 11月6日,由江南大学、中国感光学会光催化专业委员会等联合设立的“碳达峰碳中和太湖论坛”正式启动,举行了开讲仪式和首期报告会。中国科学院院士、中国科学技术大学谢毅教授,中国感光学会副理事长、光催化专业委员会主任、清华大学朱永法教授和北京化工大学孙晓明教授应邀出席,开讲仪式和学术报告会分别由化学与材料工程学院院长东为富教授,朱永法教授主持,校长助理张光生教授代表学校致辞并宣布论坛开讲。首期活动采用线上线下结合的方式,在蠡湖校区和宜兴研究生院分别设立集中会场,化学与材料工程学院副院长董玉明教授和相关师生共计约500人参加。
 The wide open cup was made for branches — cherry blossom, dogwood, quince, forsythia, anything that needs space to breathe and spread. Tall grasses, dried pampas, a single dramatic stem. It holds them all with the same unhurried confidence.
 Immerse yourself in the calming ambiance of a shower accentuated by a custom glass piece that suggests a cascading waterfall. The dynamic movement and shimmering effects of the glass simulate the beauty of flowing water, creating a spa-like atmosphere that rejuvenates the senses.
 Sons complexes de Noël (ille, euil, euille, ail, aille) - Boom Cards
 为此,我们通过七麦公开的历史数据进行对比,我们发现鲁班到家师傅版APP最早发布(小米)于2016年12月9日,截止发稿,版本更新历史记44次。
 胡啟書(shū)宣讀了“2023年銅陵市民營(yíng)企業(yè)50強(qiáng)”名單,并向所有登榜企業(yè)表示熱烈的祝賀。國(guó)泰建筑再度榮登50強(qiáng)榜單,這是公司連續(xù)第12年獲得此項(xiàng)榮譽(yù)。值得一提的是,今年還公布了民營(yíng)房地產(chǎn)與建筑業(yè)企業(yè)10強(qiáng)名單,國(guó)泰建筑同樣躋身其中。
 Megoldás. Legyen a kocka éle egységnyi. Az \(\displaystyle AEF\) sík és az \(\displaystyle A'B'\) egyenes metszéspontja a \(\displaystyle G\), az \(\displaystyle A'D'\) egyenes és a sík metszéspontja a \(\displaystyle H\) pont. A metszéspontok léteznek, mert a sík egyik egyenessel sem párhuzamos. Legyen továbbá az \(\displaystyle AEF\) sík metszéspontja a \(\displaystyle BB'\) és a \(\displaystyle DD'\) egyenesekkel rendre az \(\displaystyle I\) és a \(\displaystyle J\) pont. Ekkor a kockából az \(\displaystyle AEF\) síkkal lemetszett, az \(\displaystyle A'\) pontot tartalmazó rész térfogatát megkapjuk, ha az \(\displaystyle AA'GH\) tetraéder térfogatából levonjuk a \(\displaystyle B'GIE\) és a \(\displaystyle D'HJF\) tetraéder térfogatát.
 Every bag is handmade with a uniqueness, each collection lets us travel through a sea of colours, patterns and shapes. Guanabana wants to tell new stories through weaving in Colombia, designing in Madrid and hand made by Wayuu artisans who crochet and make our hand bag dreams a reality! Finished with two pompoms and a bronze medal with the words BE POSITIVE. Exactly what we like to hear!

▶ [What the exercise asks]
Only the lines from the first line of the material above through the line that contains "The wide open" should be quoted, each one exactly.

▶ [Solution for this task]
 11月6日,由江南大学、中国感光学会光催化专业委员会等联合设立的“碳达峰碳中和太湖论坛”正式启动,举行了开讲仪式和首期报告会。中国科学院院士、中国科学技术大学谢毅教授,中国感光学会副理事长、光催化专业委员会主任、清华大学朱永法教授和北京化工大学孙晓明教授应邀出席,开讲仪式和学术报告会分别由化学与材料工程学院院长东为富教授,朱永法教授主持,校长助理张光生教授代表学校致辞并宣布论坛开讲。首期活动采用线上线下结合的方式,在蠡湖校区和宜兴研究生院分别设立集中会场,化学与材料工程学院副院长董玉明教授和相关师生共计约500人参加。
 The wide open cup was made for branches — cherry blossom, dogwood, quince, forsythia, anything that needs space to breathe and spread. Tall grasses, dried pampas, a single dramatic stem. It holds them all with the same unhurried confidence.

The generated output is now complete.